IMO if you're doing general ww'ing and not much veneering, there really isn't a big reason to invest in HHG. And if you're vacuum pressing you can't use it either.

That said, there are people who use nothing but HHG for all their gluing needs.

The only thing I can think of not to use it would be bent lamination, anything you need some open time.

The temp for both HHG and OBG is 140°

I use hot hide glue for hammer veneering and for rub joints. Also use it for small projects that don't require a longer work time. I love the stuff (except for the smell :eek:).

I did make the mistake of using hide glue in a vacuum press once. That didn't work so well.

Do you heat the OBG as well? I thought part of the appeal was that it could be used at room temperature. Is there an advantage to warming the liquid hide glue?
 

mdbuntyn

Matt
Staff member
Corporate Member
Do you heat the OBG as well? I thought part of the appeal was that it could be used at room temperature. Is there an advantage to warming the liquid hide glue?

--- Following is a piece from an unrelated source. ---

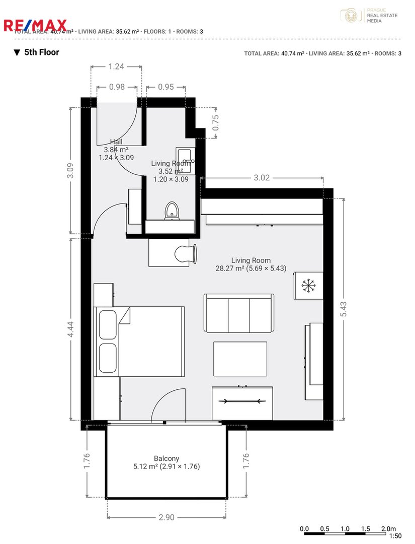 Součástí bytu je útulný balkon orientovaný na jihozápad, který nabízí

OBG is thicker than Titebond, so it's best to warm it a bit. I'll usually put water in a large measuring cup, and nuke it for a minute or so.
 

Robert LaPlaca

Robert
Senior User
Jim I use hide for all the furniture I build. I have used OBG bought directly from Patrick Edwards, it works great, has a long open time for larger glue ups, it does seem to always need to be heated up in a water bath to be liquid enough to use, might not need to be brought up to 140f, but needs to be hotter than a normal room temperature.

Having said all this, I mostly use 192 gram high clarity hide from either Tools for Working Wood or Bjorn, typically add some salt or urea to add some open time, maybe in the 10-15%. The tip given about heating up the wood definitely helps, in fact this practice was commonly done before modern glues became more common place in furniture factories.

OBG ah, definitely has a smell, maybe not a great one. I find the 192 gram high clarity doesn’t have such an odor.
 

Phil S

Phil Soper
Staff member
Corporate Member
I use hot hide glue often. I mix up a batch of 192 and then put it in small containers with a top - the same size that a nurse would hand you for a lab test. I keep them in the freezer and take them out as needed.